Chapter 9 Parameter Estimation Basics and the Sampling Process
9.1 Background
A major goal of statistics is to estimate parameters, or features, of a population so that we can compare them to values that are of practical importance to our understanding of the system, or to compare parameter estimates between and among different populations. We may want to know whether the slope of a relationship between two variables is really different from zero (e.g. no relationship) or whether the average value of a trait in a population is especially extreme relative to other populations. Some of these tasks are getting into the territory of hypothesis testing (which we will get to later), but estimating the parameters we ultimately may want to compare is an important first step. In this chapter we will discuss how parameters are estimated from samples we, as scientists, collect.
9.2 Understanding populations and their parameters
From a probabilistic standpoint we often think about the systems we study as theoretical “populations” of entities, wherein each population is defined by a particular set of shared conditions. Almost always (unless we are simulating a population), it is simply not possible to measure or observe all of the entities in a population, so if we want to understand the population we need to estimate its parameters. As empiricists, how do we estimate parameters? As you probably know, we conduct studies and/or experiments in which we take random samples and measure variables in the sample that correspond to the population parameters of interest. It is important to consider whether these samples are random if we apply the probability distribution and random variable framework (from last chapter) to our statistical inference.
When we take a random sample from a population we can estimate a parameter by doing a calculation based on the sample itself. So, maybe we want to estimate the mean mass of all adult rainbow trout in a lake. We can’t measure all fish, so we take a random sample and calculate a sample mean mass. In typed notation, we use letters from the greek alphabet to represent population parameters, and letters from the latin alphabet to represent sample attributes. For example, a population mean is represented by \(\sigma\), and a sample mean by \(\bar{x}\).
A sample mean gives us an estimate of the true population mean, but because it is a random sample, we don’t know how close our estimate is to the true parameter value. We do know from first principles of probability that as the size of our sample increases, so does the closeness of our estimate to the true value. That is, as our sample size approaches our actual population size (which may be infinitely large depending on how defined), our estimate approaches the true parameter value. We also know that the closeness of our estimate to the real parameter value depends on how much “spread” there is in the distribution of values that defines the population.

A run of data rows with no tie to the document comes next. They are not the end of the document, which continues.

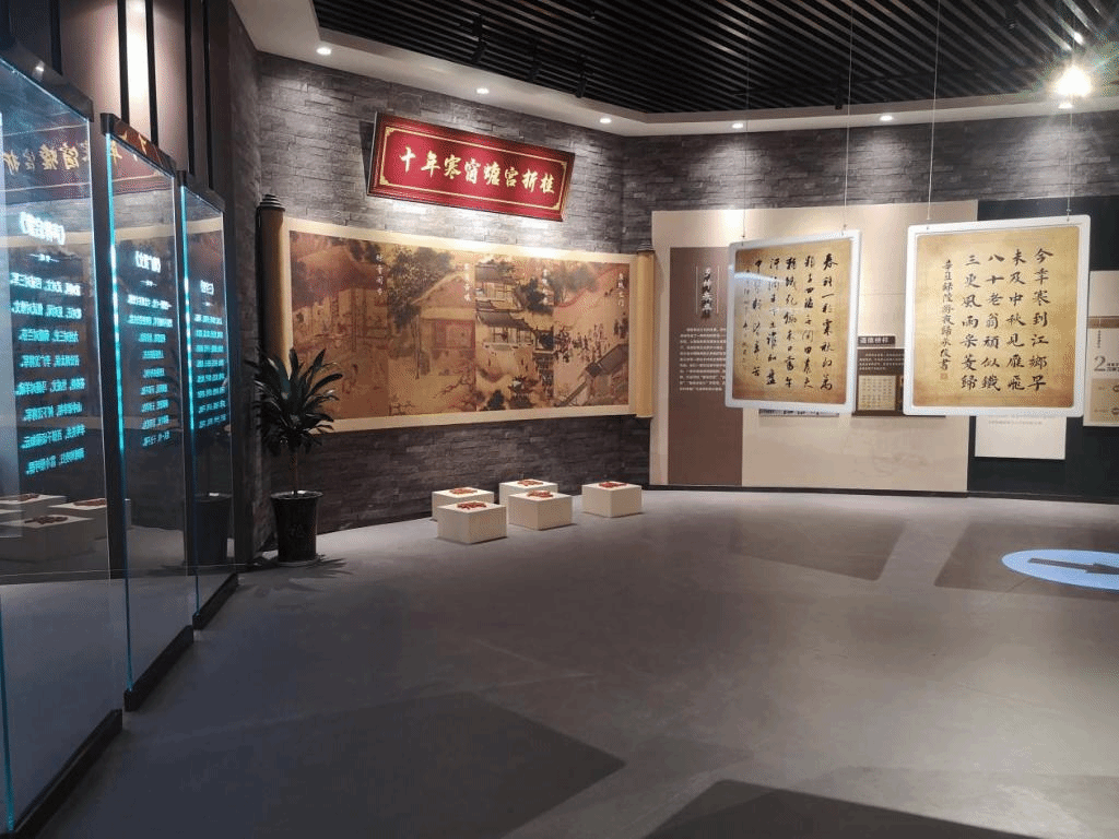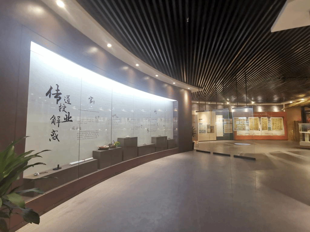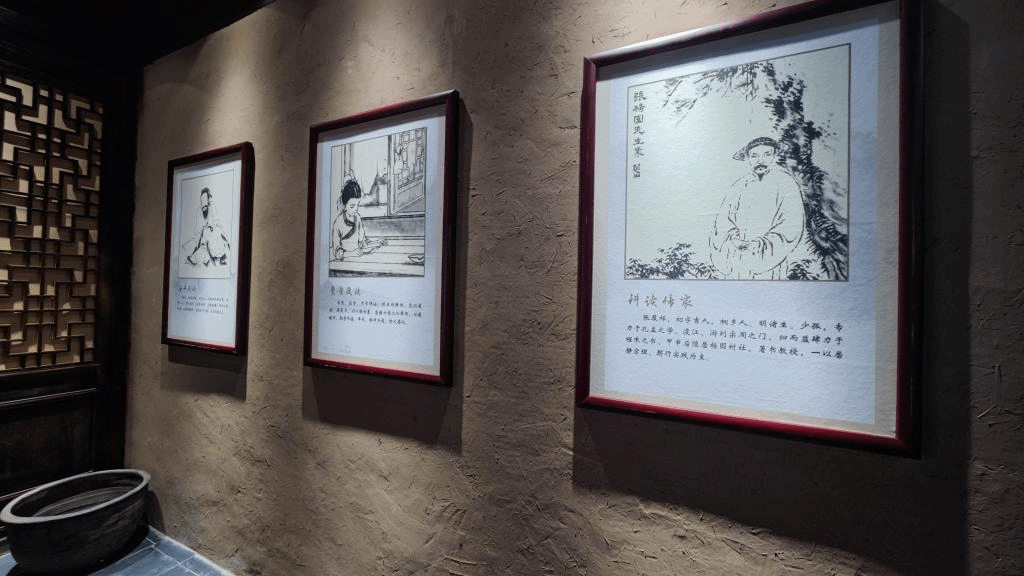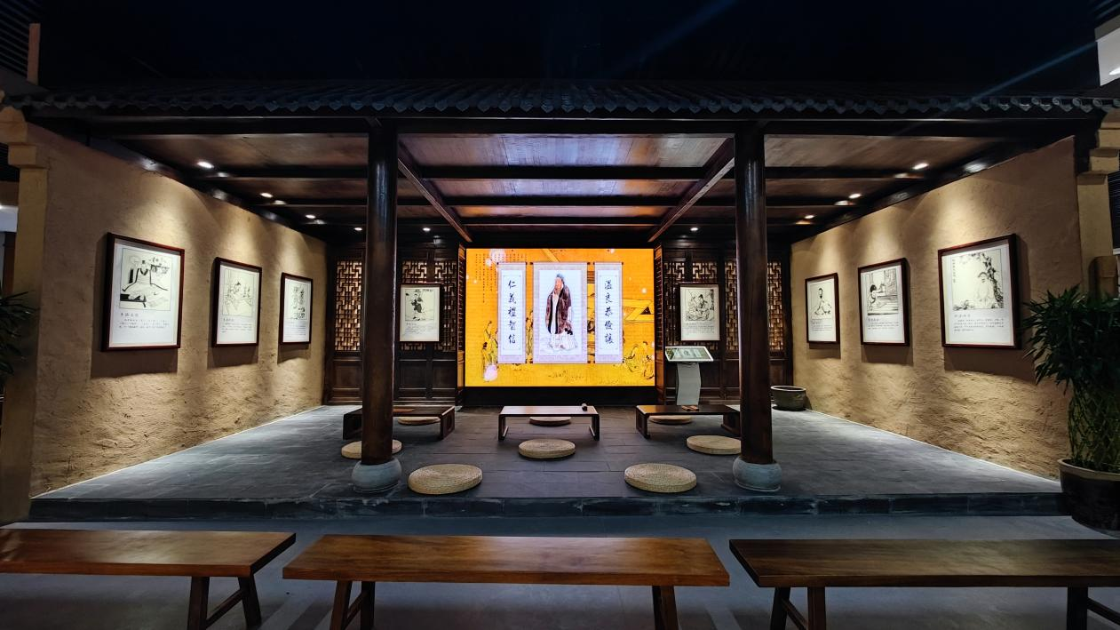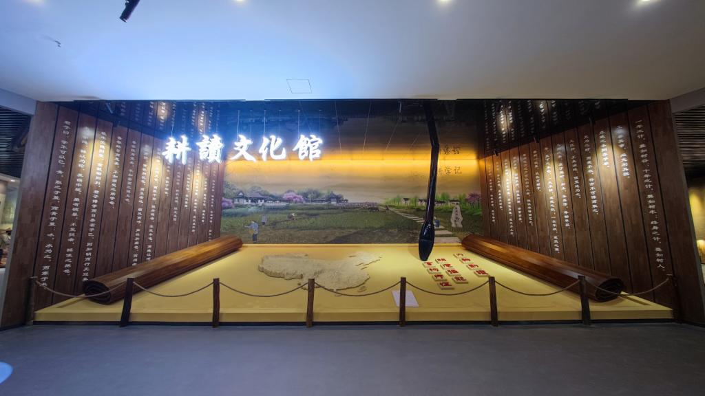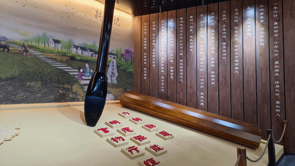 力耕勤读展厅作为展馆中的重点部分,以古木深色营造出了厚重的历史文化氛围,从言传身教、学字知事、边耕边读、乡绅表率、职业教育五个部分,系统展示了耕读文化的历史发展和文化传承。
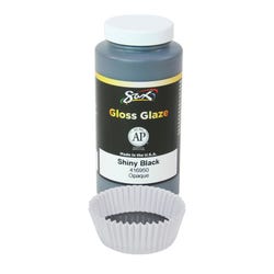 The Sax gloss glaze in opaque Shiny Black is a high-quality glazing paint that's non-toxic and dinnerware safe when fired to cone 06-05. During application, the glaze may be a different color and will change to the desired look after the required kiln firing. The color does not change when fired at cone 6.Features
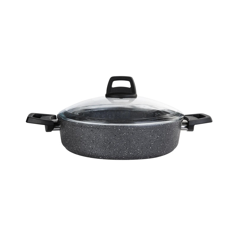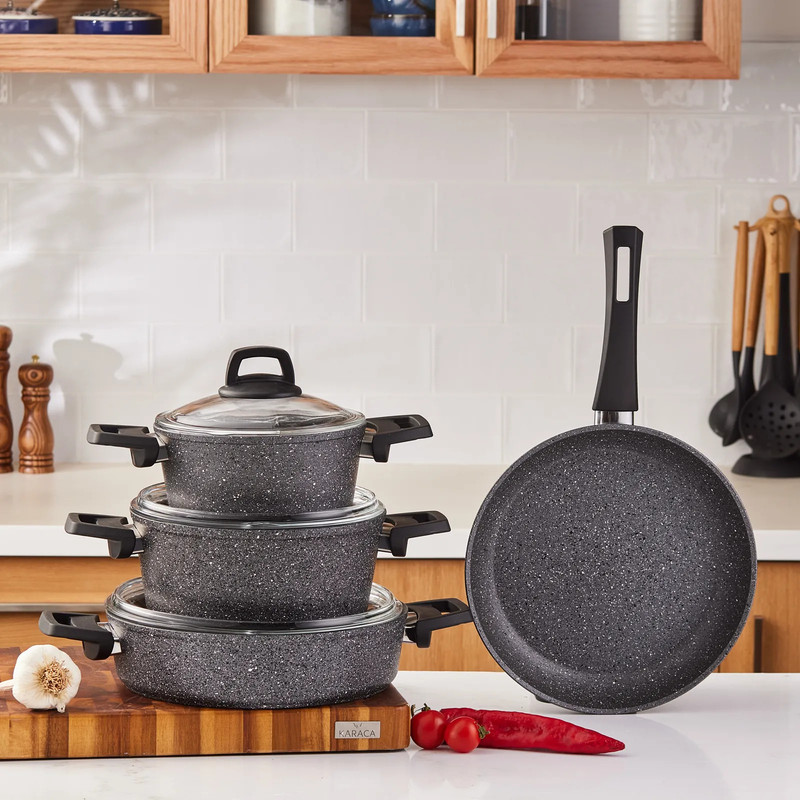 گرانیت استفاده شده در این محصول در سوئیس تولید شده و دارای کیفیت و دوام بسیار بالایی است.یک محصول با تکنولوژی پیشرفته است.مواد مورد استفاده در تولید دارای گواهی هستند و هیچ ماده مضری ندارند. سطح آن در برابر خراش بسیار مقاوم است.به دلیل حداکثر ویژگی نچسب بودن و نسوز بودن ضد خط و خش بوده و به راحتی تمیز می شود و در مقایسه با معادل های آن تا 7 برابر در برابر خراش مقاوم است.
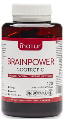 Brainpower Nootropico -120 cápsulas | Nootropico Natural | Cafeína, Ginkgo, Bacopa, Vitaminas B3 B5 B6 B9 B12 | Vegano | Mejora la memoria, concentración y la energía | Inatur
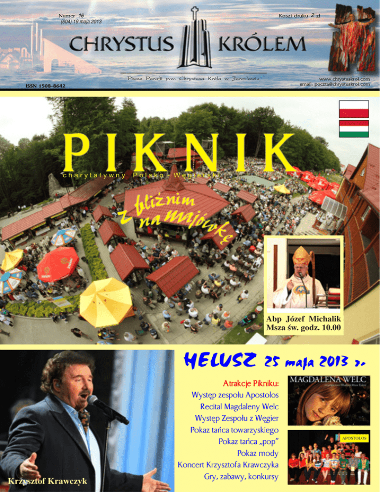 2 16 (604) 19 maja 2013 charytatywny Polsko - Węgierski Abp Józef Michalik Msza św. godz. 10.00 HELUSZ 25 maja 2013 r. Krzysztof Krawczyk Atrakcje Pikniku: Występ zespołu Apostolos Recital Magdaleny Welc Występ Zespołu z Węgier Pokaz tańca towarzyskiego Pokaz tańca „pop” Pokaz mody Koncert Krzysztofa Krawczyka Gry, zabawy, konkursy APOSTOLOS 2 Ogromny sukces dla Jarosławia! Chrystus Królem Puchar i brązowy medal dla Parafialnego Klubu Sportowego za zajęcie 3 miejsca Drużynowych Mistrzostw Polski Seniorów w tenisie stołowym w sezonie 2012/2013 Kamil Dziukiewicz Wang Zeng Yi Vitali Nekhviadovich Marek Klasek fot. Marcin Masalski Młodsi też mają sukcesy Wyniki zawodników PKS Kolping na Mistrzostwach Województwa Podkarpackiego w roku 2013 Juniorzy Hubert Żołyniak - złoty medal w mikście (06.04. Dukla); brązowy medal w deblu (z P. Oziębło) (06.04. Dukla); brązowy medal drużynowo (21.04. Nowa Sarzyna); Paweł Oziębło - brązowy medal w deblu (z H. Żołyniakiem) (06.04. Dukla); brązowy medal drużynowo (21.04. Nowa Sarzyna); Mikołaj Rejterowski - brązowy medal drużynowo (z H. Żołyniakiem i P. Oziębło) (21.04. Nowa Sarzyna); Kadeci Maksymilian Mroczka - złoty medal w mikście (14.04. Krościenko); srebrny medal drużynowo (z A. Kowalem) (20.04. Nowa Sarzyna); brązowy medal w deblu (z A. Kowalem) (14.04. Krościenko); brązowy medal indywidualnie (14.04. Krościenko); Adrian Kowal - srebrny medal drużynowo (z M. Mroczką) (21.04. Nowa Sarzyna); brązowy medal w deblu (z M. Mroczką) (14.04. Krościenko); Gabriel Woźny - srebrny medal drużynowo (z M. Mroczką i A. Kowalem) (21.04. Nowa Sarzyna); Młodzicy Antoni Rejterowski - złoty medal drużynowo (z A. Suchym) (21.04. Nowa Sarzyna); złoty medal w deblu (z A. Suchym ) (13.04. Żyraków); brązowy medal indywidualnie (13.04. Żyraków); Jakub Kondrat - złoty medal drużynowo (z A. Suchym i A. Rejterowskim) (21.04. Nowa Sarzyna); Arkadiusz Suchy - złoty medal drużynowo (z A. Rejterowskim) (21.04. Nowa Sarzyna); złoty medal w deblu (z A. Rejterowskim) (13.04. Żyraków); srebrny medal indywidualnie (13.04. Żyraków); Chrystus Królem Zapraszamy na P I K N I K 3 Organizatorzy Parafia Chrystusa Króla w Jarosławiu, Urząd Marszałkowski Województwa Podkarpackiego, Urząd Miasta Jarosławia, Starostwo W imieniu organizatorów pragniemy zaprosić na majowy piknik Powiatowe w Jarosławiu, Stowarzyszenie Rodzina Kolpinga - piękną imprezę charytatywną organizowaną przez parafię Chry- w Jarosławiu stusa Króla w Jarosławiu, Urząd Marszałkowski w Rzeszowie, Urząd Miasta Jarosławia, Starostwo Powiatowe w Jarosławiu oraz Stowarzyszenie Rodzina Kolpinga w Jarosławiu. Piknik ma charakter imprezy wojewódzkiej i jednocześnie międzynarodowej. Piknik integracyjny „Z bliźnim na majówkę” ma już kilkuletnią tradycję, która dobrze wpisała się w historię Ziemi Jarosławskiej. Spotkamy się w Ośrodku Rekreacyjno-Szkoleniowym w Heluszu, oddalonym od Jarosławia o 30 km w kierunku na Pruchnik, który jest własnością Stowarzyszenia Rodzina Kolpinga w Jarosławiu. Helusz to piękne miejsce w lasach z bardzo przyjaznym mikroklimatem, kompleksem boisk, amfiteatrem, kilkoma scenami i dużą powierzchnią zadaszoną, wyzwalające wspaniałą atmosferę podczas różnorodnych spotkań tam organizowanych. Szczególnie serdeczną atmosferę chcemy stworzyć podczas tegorocznego pikniku majowego, na którym osoby niepełnosprawne, pensjonariusze Domów Pomocy Społecznej z całego województwa, wychowankowie Domów Dziecka i dzieci ze świetlic charytatywnych będą jak zwykle Gośćmi Honorowymi. Oczywiście będzie też obecnych wiele innych osób z Jarosławia oraz z okolicznych miejscowości. Zwykle uczestników jest od 6 do 8 tysięcy, w tym około 2 tysięcy osób niepełnosprawnych i pensjonariuszy DPS. W tym roku gośćmi specjalnymi będą: Abp Józef Michalik Metropolita Przemyski i Krzysztof Krawczyk. Gośćmi specjalnymi są także dyplomaci, reprezentanci z zaproszonych krajów, parlamentarzyści, władze samorządowe. Jest to kontynuacja formuły kilku poprzednich Pikników, w których dla uszanowania gości honorowych zapraszaliśmy kolejno ambasadorów Japonii, Stanów zjednoczonych, Niemiec, Słowacji i Serbii. Tegoroczne spotkanie „Z bliźnim na majówkę” odbędzie się w sobotę 25 maja br. Każdy piknik „Z bliźnim na Majówkę” ma część poważną z oficjalnymi powitaniami, Mszą św., a później część rozrywkową z koncertami, pokazami i piknikowym jedzeniem. Głównym koncertem będzie występ Krzysztof Krawczyka. Tegoroczny program obejmuje następujące punkty: – Msza św. – przewodniczy Abp Józef Michalik – Przemówienia VIP – Zespół wokalny Apostolos – Magdalena Welc – solistka „Mam Talent” – Węgrzy – zespół wokalno-taneczny – Ognisko Baletowe – pokaz tańca – Mini UFO z MOK – pokaz tańca – Szkoła Tańca TAKT – pokaz tańca – Występ Zespołu z Węgier – taniec – Pokaz mody – Koncert Krzysztofa Krawczyka Całość programu zamyka się w godzinach 9.45 - 16.00. Wstęp dla wszystkich jest wolny. Zapraszamy! I N F O R M A T O R 1.Organizatorzy i wszyscy funkcyjni wyjeżdżają na Helusz o godz. 6.30 (własnym samochodem lub autobusem z parkingu przy FRAC-u). Na miejscu w Heluszu wszyscy powinni być do godz. 7.15. 2. Osoby posiadające bilety z kiosku, niepełnosprawni i dzieci z naszej świetlicy wyjeżdżają o godz. 7.45 - też z parkingu przy FRAC-u. 3. Organizatorzy i funkcyjni zaraz po przyjeździe zgłaszają się do Recepcji i urządzają swoje stanowiska. Pobierają również własne oznakowanie z identyfikatorem. Obsługa Pikniku przez cały czas trwania imprezy chodzi w czapeczkach. 4. Na drodze dojazdowej i na parkingach ruchem będą kierowali strażacy i trzeba się im bezwzględnie podporządkować. Parkingi dla samochodów osobowych będą na łąkach przed tablicą miejscowości „Helusz
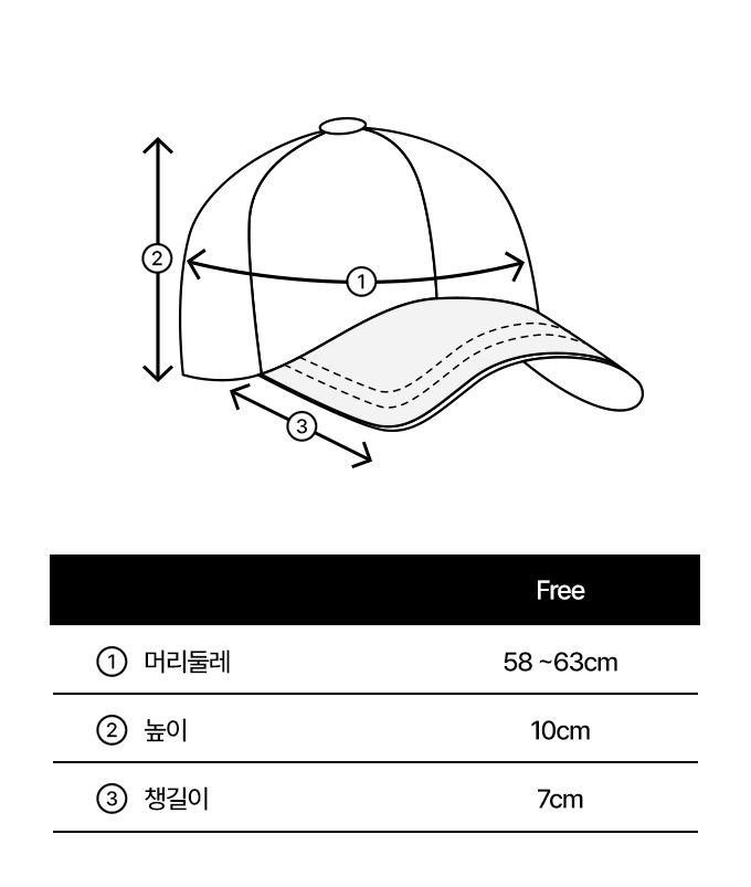 머리둘레 58~63cm / 높이 10cm / 챙 길이 7cm
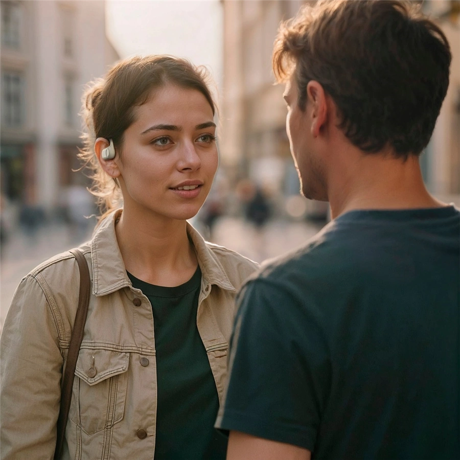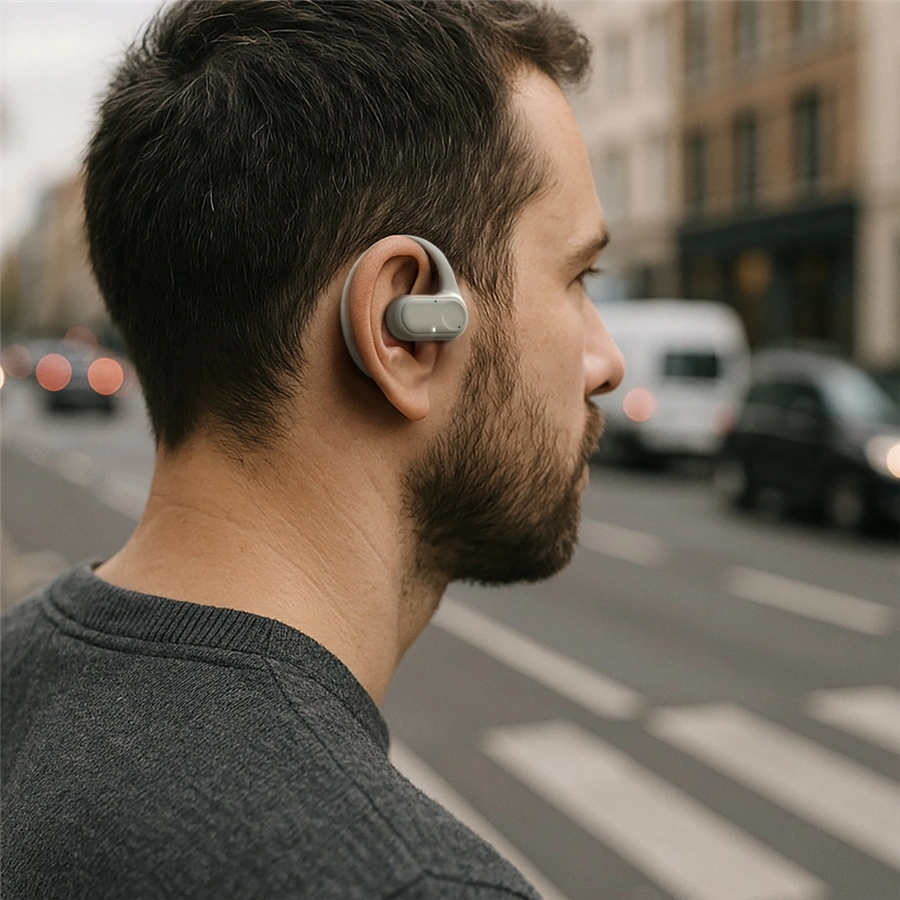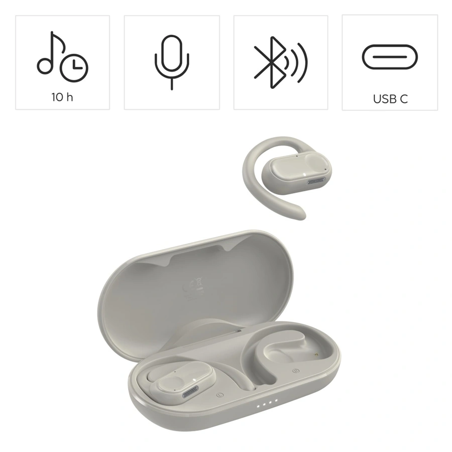 - zcela bezdrátová sluchátka s otevřenou konstrukcí a klipem za ucho
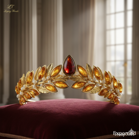 The "Josephine's Laurels" is a regal tiara designed in the classic Empire style, echoing the neoclassical revival of the Napoleonic court. During this era, jewelry was meant to look like excavated treasures from ancient Pompeii or Rome, emphasizing symmetry and botanical motifs. The tiara is handcrafted from polished 18k yellow gold, featuring a symmetrical arrangement of laurel leaves—the ancient symbol of victory and imperial status. The structure is designed to sit low on the forehead, framing the face in the style of a Roman empress. The "Legacy Threads" signature replaces traditional diamonds with a warm, solar palette of Baltic amber. Each laurel leaf is centered with a marquise-cut "Honey" amber gemstone, radiating a golden glow. The "berries" of the wreath are represented by perfectly spherical beads of "Royal White" amber, providing a stark, elegant contrast to the gold. At the very center of the diadem sits a large, pear-shaped "Cherry" amber drop, suspended within a gold frame to catch the light with every movement. This tiara is a statement of power and timeless beauty, blending the sun-drenched history of the Baltic with the imperial grandeur of Paris. Keywords: Empire style tiara, Neoclassical diadem, Napoleonic jewelry, Josephine Bonaparte accessory, Amber laurel wreath, Honey amber gemstones, Royal White amber beads, 18k gold headpiece, Regency era luxury. ______________________________________________________________________________________________________________________________________ Тиара «Лавры Жозефины» — это величественная диадема, выполненная в классическом стиле ампир и отражающая неоклассическое возрождение при наполеоновском дворе. В ту эпоху ювелирные украшения должны были напоминать сокровища, найденные при раскопках древних Помпей или Рима, с акцентом на симметрию и ботанические мотивы. Тиара изготовлена вручную из полированного 18-каратного желтого золота и представляет собой симметричную композицию из лавровых листьев — античного символа победы и имперского статуса. Конструкция позволяет диадеме располагаться низко на лбу, обрамляя лицо в стиле римской императрицы. Фирменный стиль Legacy Threads заменяет традиционные бриллианты теплой «солнечной» палитрой балтийского янтаря. В центре каждого лаврового листа закреплен драгоценный камень из медового янтаря огранки «маркиз», излучающий золотистое сияние. «Ягоды» венка представлены идеально сферическими бусинами из янтаря сорта «Королевский белый», создающими строгий и элегантный контраст с золотом. В самом центре диадемы расположена крупная каплевидная подвеска из «вишневого» янтаря, закрепленная в золотой оправе так, чтобы улавливать свет при каждом движении. Эта тиара — символ власти и вневременной красоты, объединяющий пронизанную солнцем историю Балтики с имперским величием Парижа. Ключевые слова: тиара в стиле ампир, неоклассическая диадема, наполеоновские украшения, аксессуар Жозефины Богарне, лавровый венец из янтаря, медовый янтарь, бусины из королевского белого янтаря, золотое украшение на голову, роскошь эпохи Регентства. ____________________________________________________________________________________________________________________________________ expomod.kz

These two values - the sample size and the spread of the distribution - contribute to what is known as the standard error of a random variable. The standard error for any given sample attribute (such as a sample mean), can be calculated either based on distributional assumptions, or by a process called “resampling.” We will return to these procedures below. The important thing to understand for now, is that the standard error can be used to indicate how close a sample-based estimate is to the actual population parameter value.
One way to get a handle on how the sampling process relates to parameter estimation is to actually simulate a population, based on a known probability distribution for example, and take multiple samples of varying sizes from that population. You can calculate estimates (such as the mean and standard deviation) from each sample, then visualize how they vary and how close they are to the true parameter value. Here is a quick example, in which we simulate a random, normally distributed variable in a population of 1000 individuals, take 50 random samples of 10 individuals each time, and look at the distribution of sample means across those 50 samples.
set.seed(32)
<- rnorm(1000, mean = 30, sd = 8) #Define our population random variable
pop_var <- replicate(50, sample(pop_var, 10)) #Take 50 samples of size 10
samps_var <- apply(samps_var, 2, mean) #Calculate the mean from each sample
samps_var_means hist(samps_var_means) #Plot the distribution of sample means
In the above example we see that we do most commonly get a sample mean near the expected population value of 30, but that there is quite a bit of variation! This sampling variation is what we have to deal with, and account for, as empircial scientists. If this had been a real-world scenario, we likely would be basing our estimate for \(\sigma\) on just a single \(\bar{x}\). In this simulation nine of our samples gave us an estimated mean < 28. Whether that estimate is “close enough” to the true value of 30 depends on a variety of questions we may have about the system, but this idea of uncertainty in our parameter estimation is important. Fortunately we can rely on a number of tools to evaluate how close we think our sample-based estimates are to population parameter values in the real world, which we visit below.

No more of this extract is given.